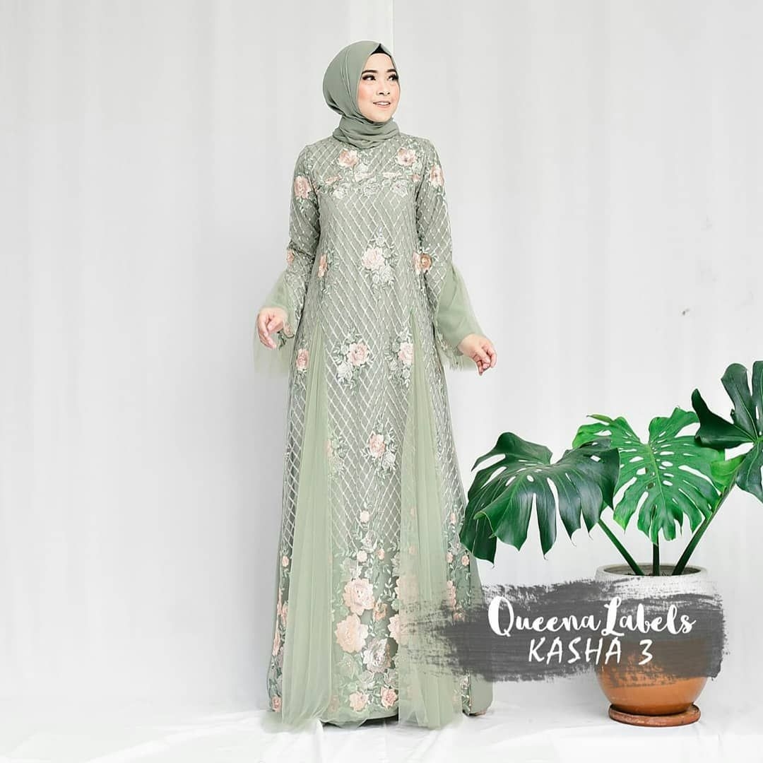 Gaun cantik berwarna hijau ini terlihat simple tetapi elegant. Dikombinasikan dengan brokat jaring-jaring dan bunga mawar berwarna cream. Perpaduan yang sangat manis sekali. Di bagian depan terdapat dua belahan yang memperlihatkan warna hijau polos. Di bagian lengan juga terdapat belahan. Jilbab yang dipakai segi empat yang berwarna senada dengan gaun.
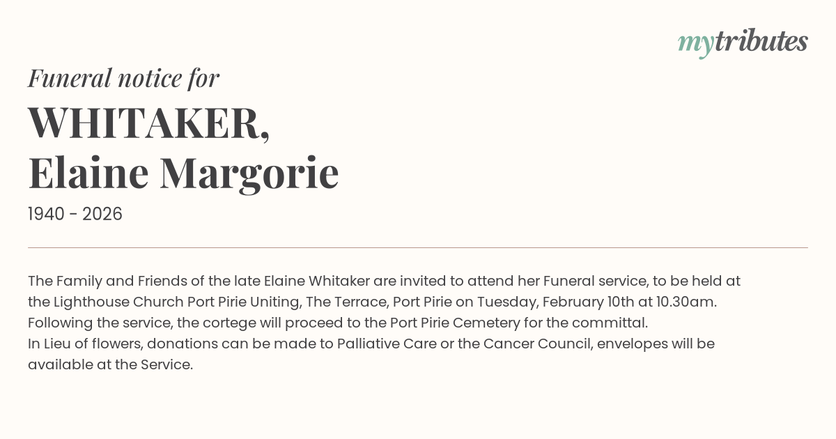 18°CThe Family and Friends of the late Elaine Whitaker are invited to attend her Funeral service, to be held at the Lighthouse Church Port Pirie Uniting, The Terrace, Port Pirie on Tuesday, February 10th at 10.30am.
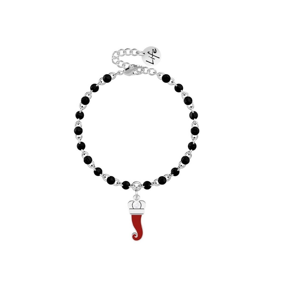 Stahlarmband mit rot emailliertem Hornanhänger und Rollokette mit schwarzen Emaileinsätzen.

Exercise brief. Extract word for word every line from the line that contains "18°CThe Family and" to the final line of the data, both included, and nothing else; skip the pictures.

Task response.
 18°CThe Family and Friends of the late Elaine Whitaker are invited to attend her Funeral service, to be held at the Lighthouse Church Port Pirie Uniting, The Terrace, Port Pirie on Tuesday, February 10th at 10.30am.
 Stahlarmband mit rot emailliertem Hornanhänger und Rollokette mit schwarzen Emaileinsätzen.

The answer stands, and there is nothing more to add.